Some individuals additionally really feel that the private information contained within the Quebec vaccine passport is extreme. On this regard, it might have been attainable to provide a lighter model of the passport containing much less data. That stated, this lighter model may probably be unusable exterior of Quebec, because the guidelines for figuring out whether or not an individual is protected can change from area to area (which vaccines are thought-about legitimate, what number of doses, and so on.).
That is what Switzerland chose with its “COVID mild certificates”. It also needs to be famous that the supply code of the Swiss functions has additionally been out there for a number of months.
We didn’t take a look at the servers permitting the issuance of vaccine passports, as a result of we have now neither the mandate nor the permission from the Quebec authorities or Akinox to take action. In contrast to the evaluation of the functions supplied by Quebec, this could represent an assault on a distant system that would lead to a danger of service interruption.

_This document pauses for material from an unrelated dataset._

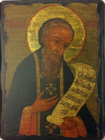 Икона ручной работы, искусственно сделанная под старину, материал: дерево, литография, лаки. На оборотной стороне сургучная печать с символом Святой горы Афон. Упаковка конверт из мешковины.
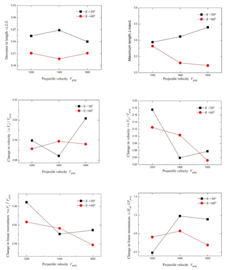 Figure 15 shows the fractured rods performance curve at different long rod velocities. It can be seen that the increase in the velocity of the long rod affected −∆L/L slightly. When θ = 30°, −∆L/L was higher than that of θ = 60°. In other words, when θ was small, the length loss rate of the fractured rod −ΔL/L was significant.

Our evaluation first seemed on the improvement historical past of the CHS specification, which was developed internationally particularly for issuing COVID-19 vaccination confirmations. We then defined the significance of utilizing uneven cryptography for signing information, and on this case, to make sure the validity of the vaccination proofs supplied. Nonetheless, we found a flaw within the implementation of the verification algorithm, which allowed vaccine proofs displayed as legit by VaxiCode Verif to be cast. We notified Akinox of this flaw, and it was fastened as quickly as the applying was up to date, which was inside a couple of days. Lastly, we identified the potential advantages of higher transparency with respect to the supply code of those functions.
On account of this evaluation, I imagine that, though VaxiCode Verif had some issues at its launch, the applied sciences on which the system relies are stable. The thought of utilizing present requirements and applied sciences is for my part resolution. It ensures each signature safety and interoperability between areas utilizing the SMART Well being Playing cards protocol. In my view, a flaw within the system that denied a sound vaccine passport would have a way more critical influence than the reverse, and that’s not the case right here.
That the issue was fastened in only a few days reveals that every one events desire a safe system. There are at all times areas for enchancment, however the usage of the digital signature proposed by SHC is, thus far, safe.